Why I don’t Eat Beef

Those of you who know me well know that I don’t serve beef at home and do my best to avoid it on the road.  I don’t normally talk about why; most people assume it’s for religious reasons, because I also avoid pork.  But it’s not for religious reasons, nor is it for health reasons.  It’s for the environment.

Back in 1999 the Union of Concerned Scientists came out with a book entitled The Consumer’s Guide to Effective Environmental Choices.  This was based on a report that was roughly entitled, “Paper or Plastic: Who Cares?”  The number 1 thing that UCS said that one could do for the environment was to drive less and buy an efficient car.  The number 2 thing one could do was to eat less meat, and most specifically beef. Well now CNN has an article about just this.  Borrowing a graph:

Carbon footprint of beef

In that article, the author calculates that eating 1.27 lb of beef has the same carbon footprint as a 70 mile drive in a car that gets 21 mpg.  In other words, that number goes up with a more efficient vehicle.
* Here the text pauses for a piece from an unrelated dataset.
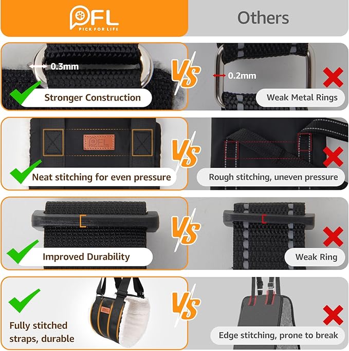 - Soft Durable : Inside contains synthetic fleece material,the dog mobility harness is very fluffy and comfortable for your dog to wear,won't chafe your pups underbelly. The belly sling carrier outer cove with oxford fabric, it is sturdy for large dog
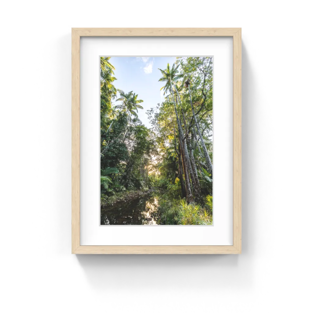 Rainforest images come in many forms, compositions and lighting. The palm trees in this print take you to a tropical jungle somewhere… far far away.

He argues that to help arrest the rate of global warming we need to eat less meat.

Even back in 1996, when the first UCS report came out, the one thing I could do for the environment was eat less beef. (I’ve since curtailed my driving, and Christine and I have reduced to 1 vehicle.)  The bad news is that lamb is probably just about as bad (wah!) and I will probably reduce but not eliminate my lamb consumption.
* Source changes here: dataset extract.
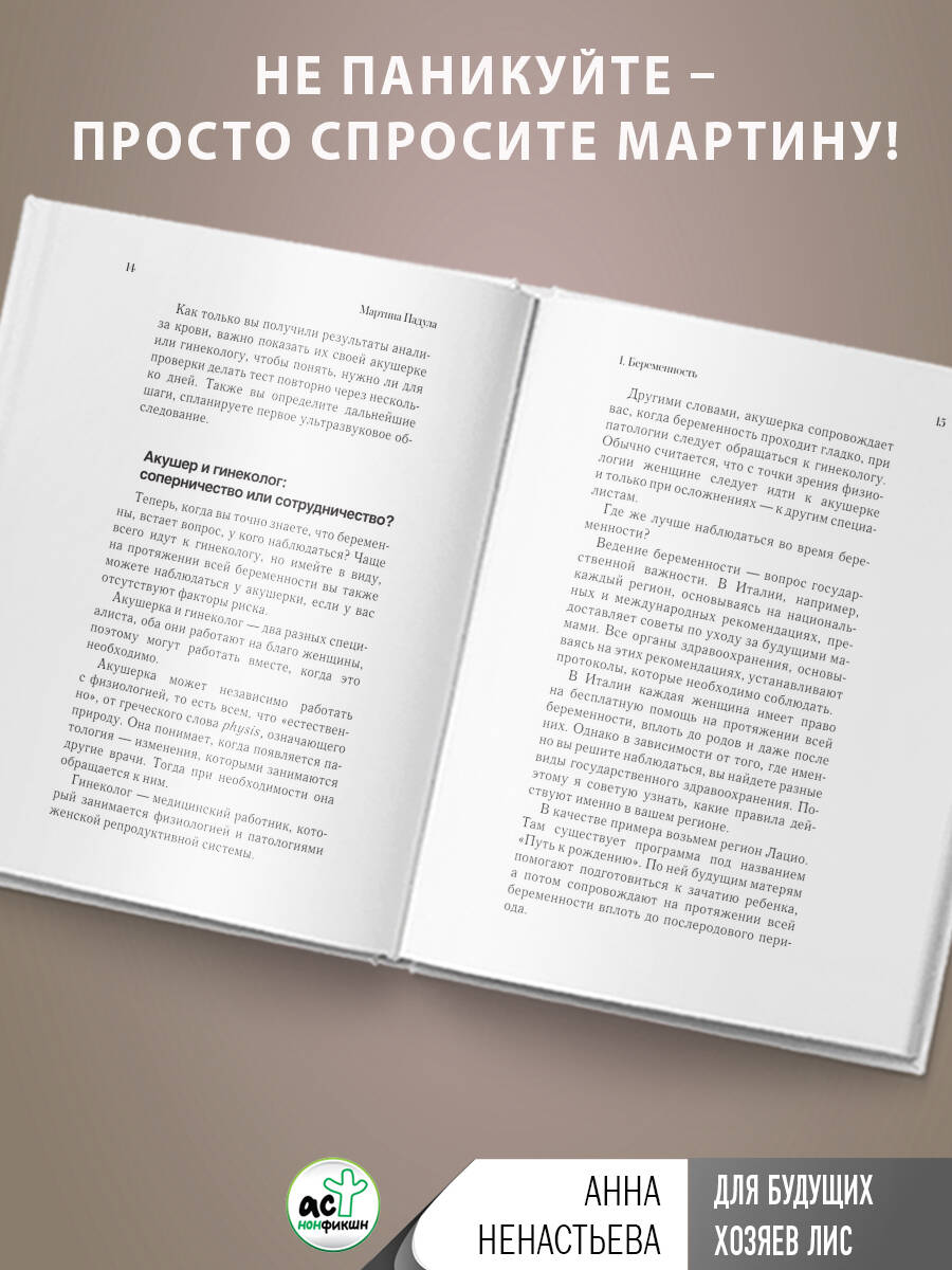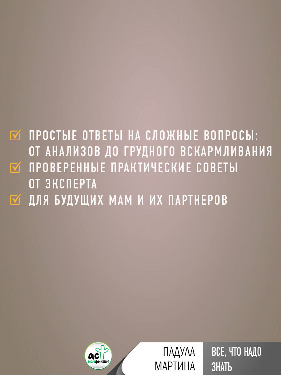 Вот ты увидела две полоски на тесте. А что же теперь? Очень часто радость и эйфория сопровождаются стрессом, сомнениями и вопросами: какие медицинские анализы сделать? Как и когда я могу заниматься спортом? Как правильно кормить грудью? Не всегда легко выплыть из этого водоворота вопросов и опасений. Мартина Падула в своей книге помогает разобраться с этими и другими вопросами, сопровождая будущих родителей на всех этапах беременности, на родах и даже после них. Автор делится полезными советами, развивает ложные, но при этом очень распространенные, мифы, а также рассказывает о том, как прожить первые три месяца после родов максимально осознанно и спокойно. Не паникуйте -- просто спросите Мартину!| Издательство | Издательство "АСТ" |

The above graph only looks at carbon footprint, and probably not all of it.  1 lb of beef requires about 1,800 gallons of water.  When I lived in California, this number seemed unsustainably large, even while we were being hit with El Niño after El Niño.  In addition, cattle also cause grazing damage, although it may be possible to mitigate those effects.

Pigs are a different matter.  I stopped eating pork products when several Colorado counties became awash in pig effluvia.  It wasn’t scientific, but I figured I could do my part by simply reducing demand for the animal.
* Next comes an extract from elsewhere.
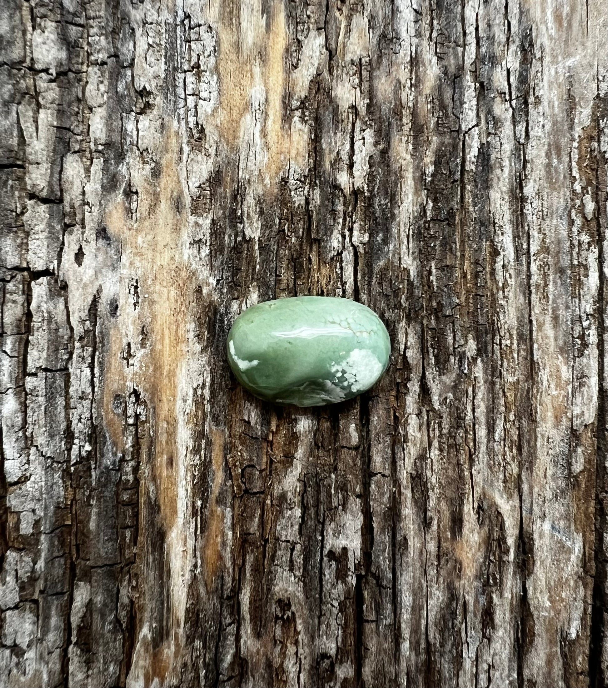 US mined freeform oval unbacked green turquoise cabochon. 17x 11mm.

I’ve refrained from writing this sort of article.  This was a personal choice I made, and I really didn’t push it on anyone.  I’m doing so now – just this once – for my daughter, so that she and her generation have just a little less damage from our generation to repair.

The Do Nothing Presidency

Smoke Stack

Yesterday, the Bush Administration released a long awaited report by the Environmental Protection Agency, that says that Carbon Dioxide can and should be regulated.  One would think this a remarkable departure for an administration that has done everything within its power to destroy the environment, through drilling in fragile environmental areas, unmitigated logging, and the failure to protect endangered species.  There’s a catch: the Supreme Court ordered the EPA to develop the report, and in releasing it, in the same breath, the administration argued that regulation by the EPA to protect our children will hurt business and industrial growth.

Let’s review our tally for this administration:

  • Housing —  Failure to properly regulate the housing market has led to a massive series of bank failures.
  • The Energy Market — we are suffering from inflation due to a massive increase in oil prices, which itself is in part due to an inability of Americans to conserve.   The administration has done absolutely nothing to reduce consumption, or for that matter offer fuel alternatives.  Instead, they’ve argued that drilling in wilderness refuges will offer some form of relief, a claim that is disputed by every expert in the field, because it will offer no short term relief, while medium and long term relief are by no means at all assured.
  • Security— having gone to war twice and wasted billions of dollars on meaningless programs, the administration has managed to alienate America from the rest of the world, reducing people’s desires to visit, impacting tourism, and reducing our national credibility.  At the same time the Taliban has rebuilt itself, and we’ve lost our allies in Pakistan and now, seemingly Iraq (not that Prime Minister Maliki was every clearly an ally).
  • Education— No Child Left Behind has meant that our children haven’t gone forward as a group.  Our public education system remains in a shambles due to lack of incentives for good teachers, buildings that are falling apart, and a general willingness by this administration to divert funds to religious programs.
  • Public Transportation— our skies are more dangerous than they have been since the creation of the FAA.  More runway incursions, more close calls in the air, disgruntled workforces, and disgruntled passengers have left our air transportation system in a mess, while we’ve invested nearly nothing in ground public transport.
  • Public Welfare— with a remarkably lame response to Hurricane Katrina, the administration demonstrated that they could not be trusted with emergency crisis management.